# Your main cube...



## starmountsoccer717 (Aug 3, 2008)

I would like to know what peoples main cube is that they use. If it is a hybrid, please specify what you used to make it. Im not quite sure what mine is sorry.


----------



## waffle=ijm (Aug 3, 2008)

White Rubik.com DIY Late 2007 Mold.


----------



## azrian (Aug 3, 2008)

Core: Old type A
Springs: Type D
Screws: Type D
Center Piece: Type D (White)
Edges: 3rd Model Type A (White)
Corners: Type D (White)

IMO, this is simply one of the best hybrid possible, the corners of the type D and the Old type A core is awesome for corner cutting and the 3rd Model Type A edges are smaller than the Type D edges (Well, you can't see the difference but you can feel it) which still let this cube be godlike at higher tensions. 

- Cut corners from a 40 degree angle
- Turns super fast and can do half-turns with a single finger trick
- Rarely POPs (happen sometimes since edges are smaller, but it happened to me like 3 times in 1 week, fixable by adjusting tension if you get pissed of it)

I can make a video showing its capacities if anyone want.


----------



## Lt-UnReaL (Aug 3, 2008)

azrian said:


> I can make a video showing its capacities if anyone want.



I'd like that.


----------



## azrian (Aug 3, 2008)

Here ya go

Link:
http://fr.youtube.com/watch?v=4B91UItK4s8

(Ill make a better video, this one is just to give you an idea)


----------



## DAE_JA_VOO (Aug 3, 2008)

I use a white Type D with an old Type A core.


----------



## DAE_JA_VOO (Aug 3, 2008)

azrian said:


> Here ya go
> 
> Link:
> http://fr.youtube.com/watch?v=4B91UItK4s8
> ...



Goodness, that cube looks incredible.


----------



## InternetTom (Aug 3, 2008)

Store bought, no mods. I used to use a rubiks brand DIY but the caps sucked, so I glued them on and after that the red side started getting loose, to loose to use.


----------



## Kickflip1993 (Aug 3, 2008)

Cube4you old type black DIY edges, screws, core and centers
9spuzzles black DIY corners

It is the best cube ever in my cubing life
I can do J-Perm with it in sub 1


----------



## Zigosity (Aug 3, 2008)

White Type D with new Type A core. It's pretty damn good IMO.


----------



## MistArts (Aug 3, 2008)

EastSheen 2x2 bought from Mitchell Stern
Heavily dipped in petroleum jelly. (Don't ask why) (I cleaned it out now)
3/7 corner piece superglued to sliders. (The others won't stay but when they do....they will be unPOPpable/unstoppable)

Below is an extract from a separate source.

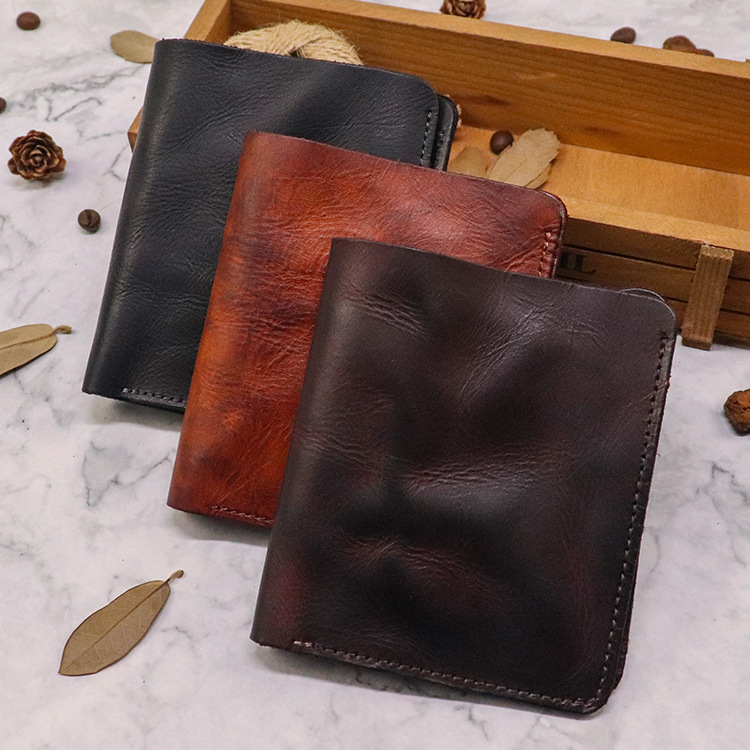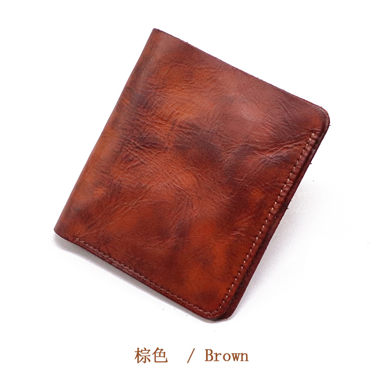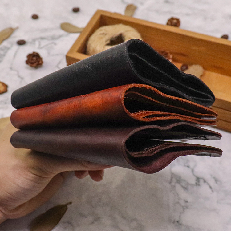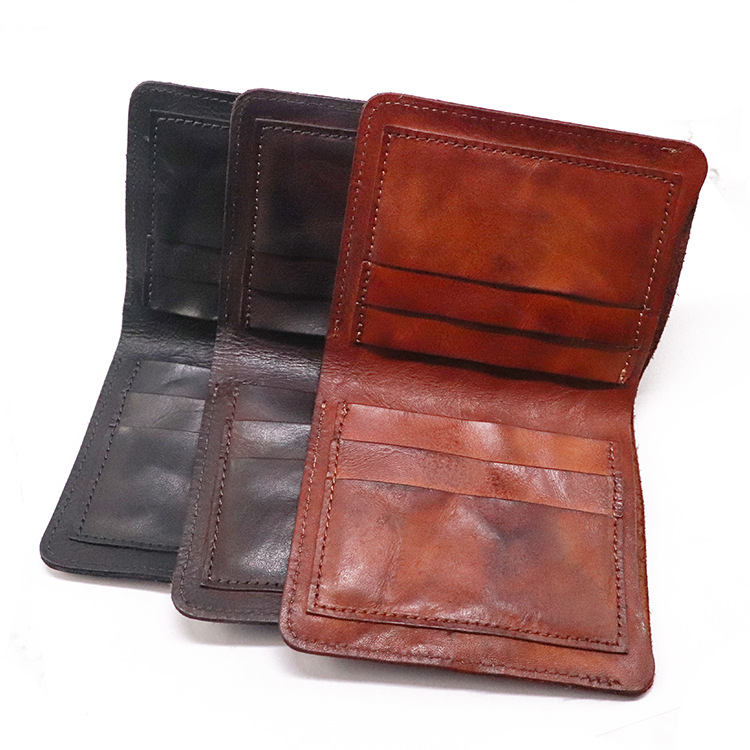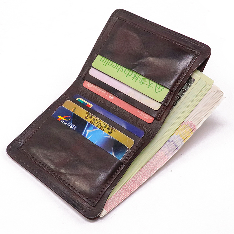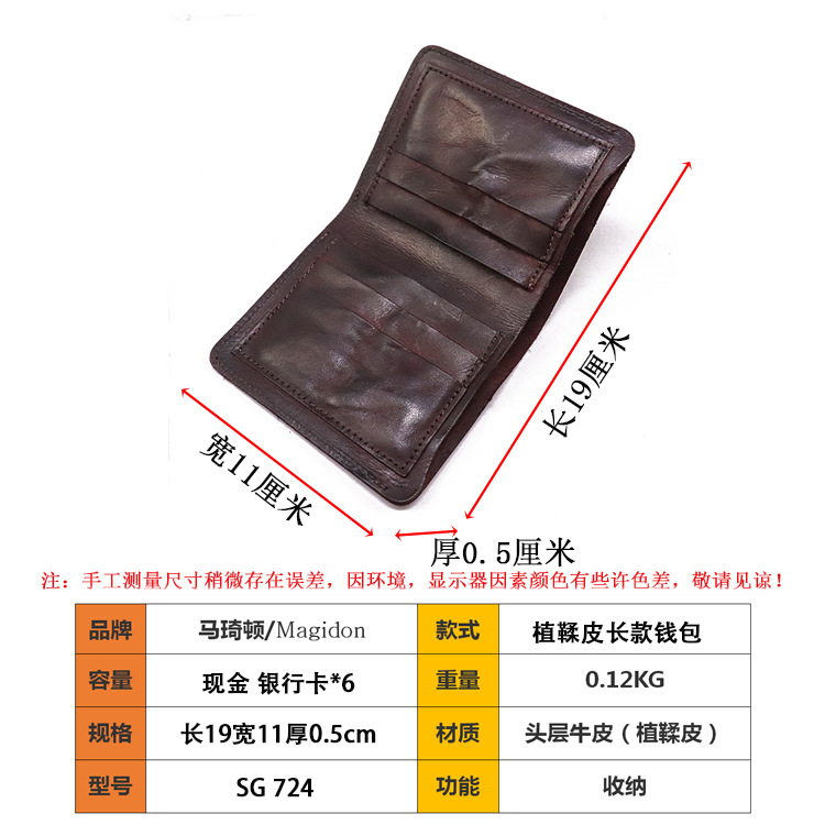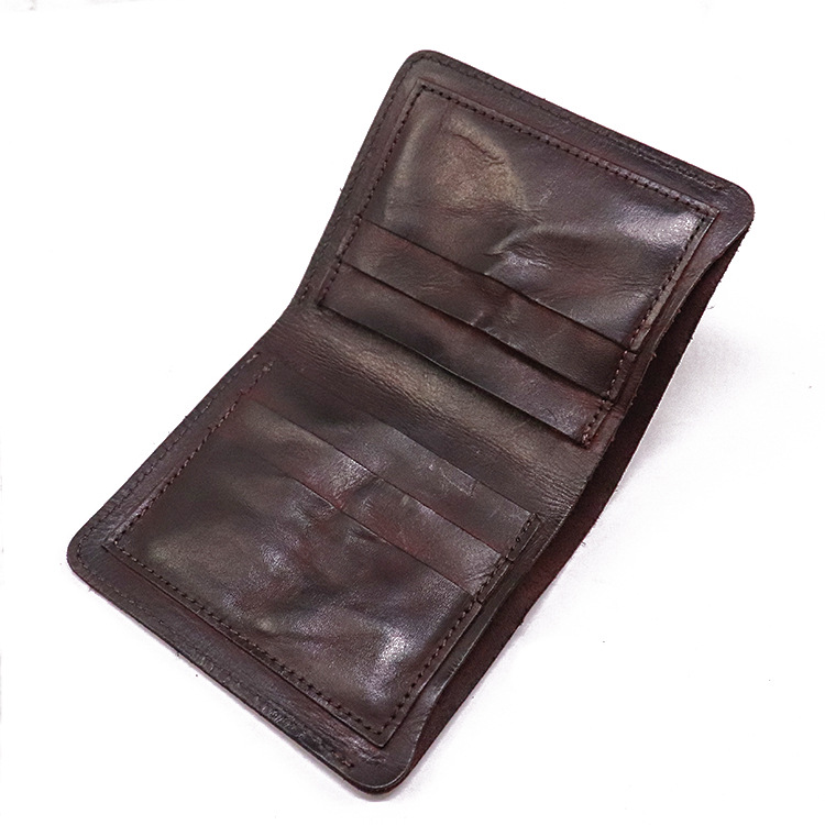 • 複数のカードスロットを備えた一層目の牛革ウォレット、植物タンニンなめしレザーウォレット、プリーツレトロ縦型ミニウォレット

It turns really good. And it is not extremely smooth like others who can do U7. It's smooth enough to do half turns with slight force. It pops like crazy on XLL(PBL) tough. I'll fix that later.


----------



## hdskull (Aug 3, 2008)

Original Type A.

EDIT: Black, black cubes ftw.


----------



## ajmorgan25 (Aug 3, 2008)

White Type A

For some reason, the white ones are so much better than the black ones (Type A's)


----------



## ThePizzaGuy92 (Aug 3, 2008)

mine is my rubiks.com cube that HdSkull sold me, but I don't mind using my type-d if it's closer to me 

black type-D that is, i dont like my white one, i'm terrible with white cubes.


----------



## shelley (Aug 3, 2008)

Currently, a 25th anniversary cube.


----------



## pjk (Aug 3, 2008)

A DIY from cube4you back before they had different kinds.


----------



## Cerberus (Aug 4, 2008)

storebought rubiks
my best cube broke (core -_-) and the new one is not THAT great but still very nice, but I hope I can get a better one or get to try some hybrids, but I need money for that order... so many cubes...


----------



## Faz (Aug 4, 2008)

type a third model without the edge caps.


----------



## Rama (Aug 4, 2008)

Currently a Rubik's 2005 DIY model and I started cubing late 2006.


----------



## crabs!!! (Aug 4, 2008)

Type F with an A core.


----------



## TimMc (Aug 4, 2008)

*Store-bought Rubik's Cube* (Made in China, 2005 via Crown and Andrews)
- Filed the cubies down
- Sanded them
- Applied CRC 808

J Perm in 1.54 seconds (I'd do a PLL attack if I knew them all) 

Tim.


----------



## Marvolo (Aug 4, 2008)

Type A (2005) with old A core


----------



## Statical (Aug 4, 2008)

Old White Type A


----------



## MistArts (Aug 4, 2008)

What's with the 3x3's...Just too many people are doing 3x3.


----------



## kickinwing2112 (Aug 4, 2008)

where can i get a hybrid cube


----------



## PCwizCube (Aug 4, 2008)

kickinwing2112 said:


> where can i get a hybrid cube


Buy 2 cubes, and switch the pieces. A hybrid cube is a cube made of different cube pieces, a.k.a. combo cube.


----------



## pcharles93 (Aug 4, 2008)

White DIY from cube4you. W/ cubesmith tiles and Liquid Wrench.


----------



## ductape98 (Aug 6, 2008)

rubiks diy 2008 mold yes it sucks but im only three weeks in to cubing


----------



## DavidWoner (Aug 6, 2008)

2x2: my awesome ES. the peg that holds one of the corner shells on is broken, but it never pops.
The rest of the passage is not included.